ATRIA BOOKS / BEYOND WORDS PUBLISHING
Transform problems into opportunities; set yourself free from fear and anxiety; unburden yourself of past resentment; create an action plan for true happiness. In A Spiritual Renegade’s Guide to the Good Life (Atria Books/Beyond Words Publishing, 2012), Lama Marut voices the next generation of spiritualism by addressing today’s need for fearless honesty, practicality and simplicity, and offering meditations and action plans designed to incite true, unpackaged happiness. The following passage is from Chapter 1, “Burning With Desire: Consumerism and Its Alternative—Radical Contentment.”
I grew up in a religious household. My father and grandfather were both ordained Baptist ministers. Our meals and bedtimes were occasions for prayer, Mom led us in regular Bible study, and the family went to church all the time—three times a week, at least (Sunday morning’s traditional service, Sunday evening for “youth group,” and Wednesday evening for some long-forgotten reason). And nobody was that happy about it.

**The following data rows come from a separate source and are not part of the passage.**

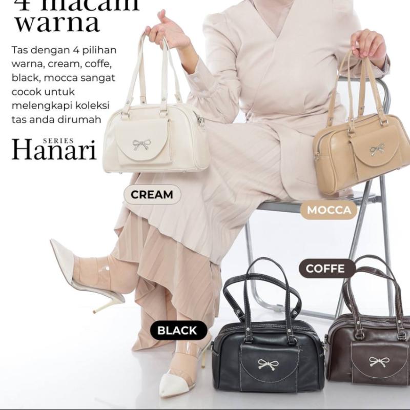 HANARI BAG FREE SLING BAG Tas elegan dengan sentuhan aksesoris pita gold yang manis & classy ? Cocok untuk daily look maupun acara semi formal. ? Spesifikasi Produk : • Nama Produk : Hanari Bag • Ukuran : 25 x 16 cm • Bahan : Kulit PU Premium • Tali : – Tali jinjing – Tali panjang ±105 cm (bisa lepas pasang) • Aksesoris : Gold hardware bentuk pita • Detail : Pocket di bagian depan tas ? Pilihan Warna : Black, Coffee, Cream, Mocca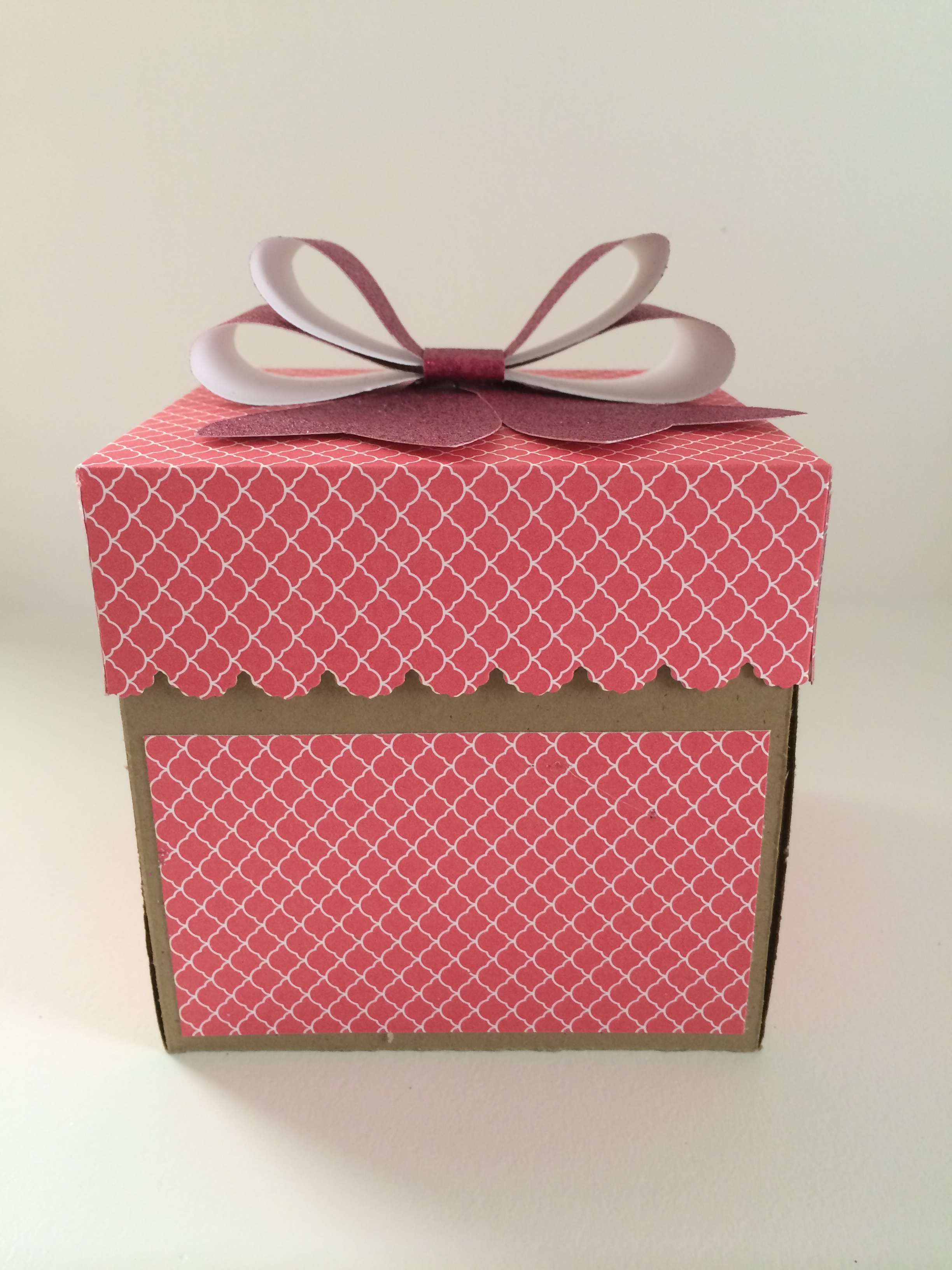 I made the bow using my Bigz L Bow Die from Stampin Up, adhering it on the lid of the box using hot glue.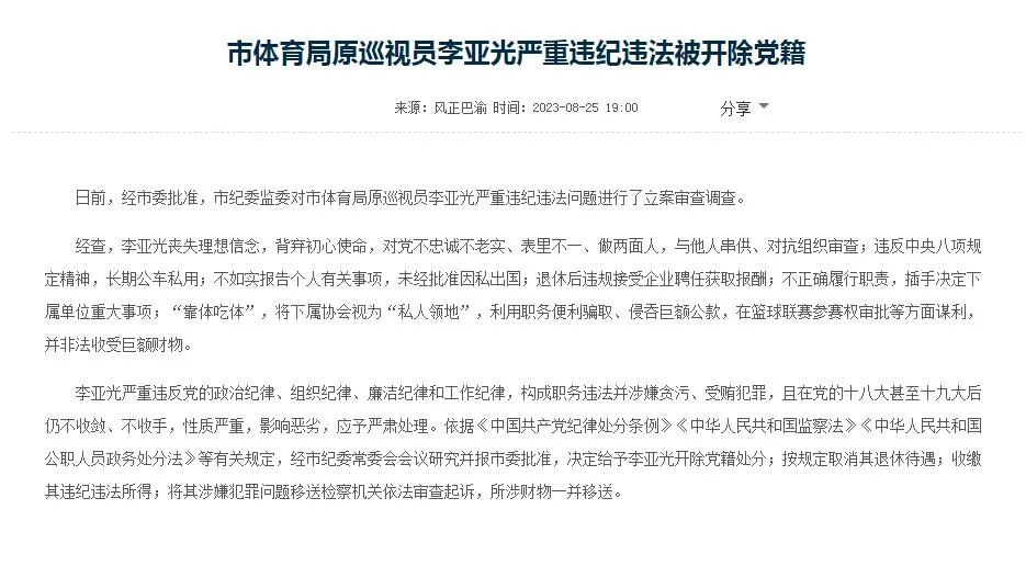 (原标题《骗取、侵吞巨额公款 中国女篮原主帅李亚光被开除党籍》)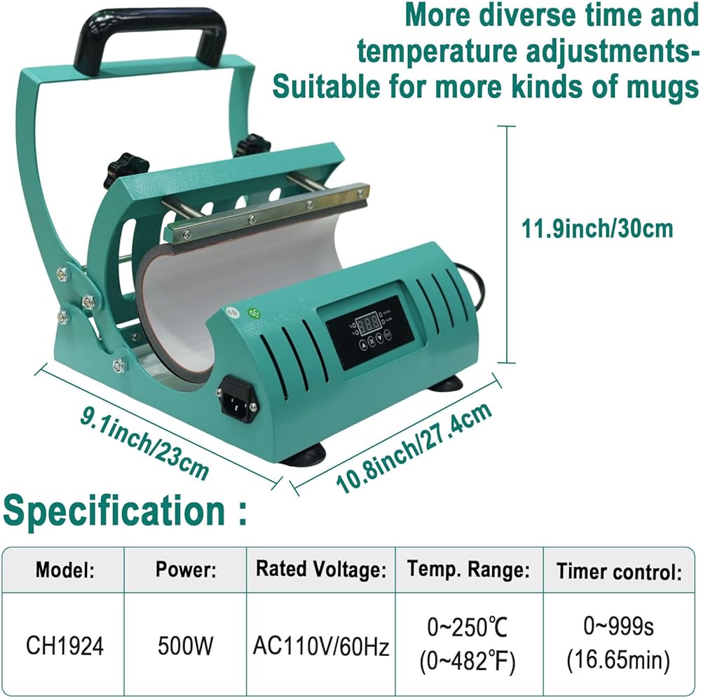 Parameters- Graded tumbler heat press machine can heat sublimation tumblers of 11 - 30 OZ, 110V 500w with overheat protection device, faster and safer heating. Compatible diameter: 6.8 ~ 8.7cm Max, Printable Length 25cm, the size of the machine is 300 x 274 x 230mm( 11.9 x 10.8 x 9.1"). The tumbler rotating machine temperature 0~250℃ (0~482℉), and the preset time is 0~999s. s. The mug heat press machine allows you to transfer colorful pictures on 11-30oz sublimation mug or skinny tumbler.
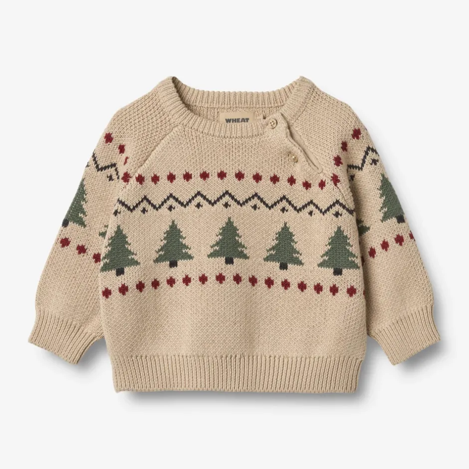 Skøn strikpullover med julemotiver i blødt økologisk bomuld til baby. Wheats strik er et must, når vinterkulden nærmer sig. Denne strikpullover oser af julens nærvær med sit fine print med julemotiver. Perfekt til både bukser og kjole, uanset om det er til en julefest eller hygge hjemme i weekenden. Brug den som et ekstra lag under jakken, så dit barn kan være lunt pakket ind hele sæsonen.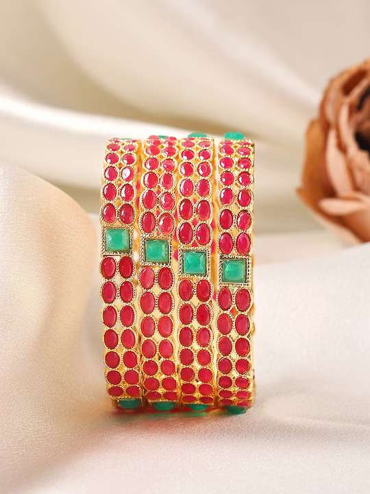 Gold-Plated Pink & Green Stone-Studded Sustainable Handcrafted Bangles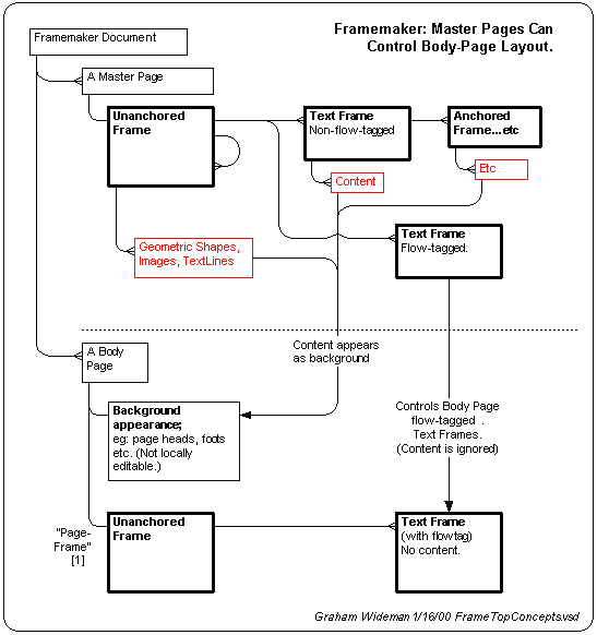 [2] Unanchored Frames can contain other Unanchored Frames -- ie: they can be nested. In fact they can only be nested, as there is nowhere else to place an Unanchored Frame. (Note that where I have drawn direct or indirect loops on this diagram the meaning is this: a particular object may directly or indirectly contain other objects of the same type, but, as is probably obvious, it is prohibited from containing itself!)

We kids didn’t want to go. We had to take baths and put on uncomfortable clothes and were precluded from watching television or playing with our friends during the time we were in church. So we were all crying. This irritated our parents, who were not only unhappy with us kids but, soon enough, were fighting with one another.
Then we’d get to church and we’d sit for an hour and a half in those intentionally uncomfortable pews they make especially and only for churches and synagogues. Dad more or less immediately fell asleep; the kids fidgeted the whole time; and Mom stayed busy trying to contain the fidgeting kids. Everyone was looking at their watches to see if it was almost over yet. We could hardly wait until the religious part of the week was finished so that we could go back to the more enjoyable aspects of our lives.
What’s wrong with this picture? Something was seriously askew. Why, if the purpose of religion is to bring contentment, happiness, and joy, can the practice of religion seem so tedious to so many of us?
Religion is not supposed to be mind-numbingly dreary. If the goal of a spiritual life is to bring its practitioners to happiness, the means to that goal cannot be to make them as bored and uncomfortable as possible until—presto chango!—suddenly somehow everyone’s joyful.
I know that everyone’s experience of religion was not like the one I had growing up. Once or twice a year, we got to go visit our sister congregation in the African-American community. It was eye-opening to me to see people having fun in church—singing, dancing, shouting, and waving their arms in the air. They even had an expression for it: “Get happy.” As in, “We go to church to ‘get happy.’” I remember thinking, “How come we can’t have fun in church like they do?”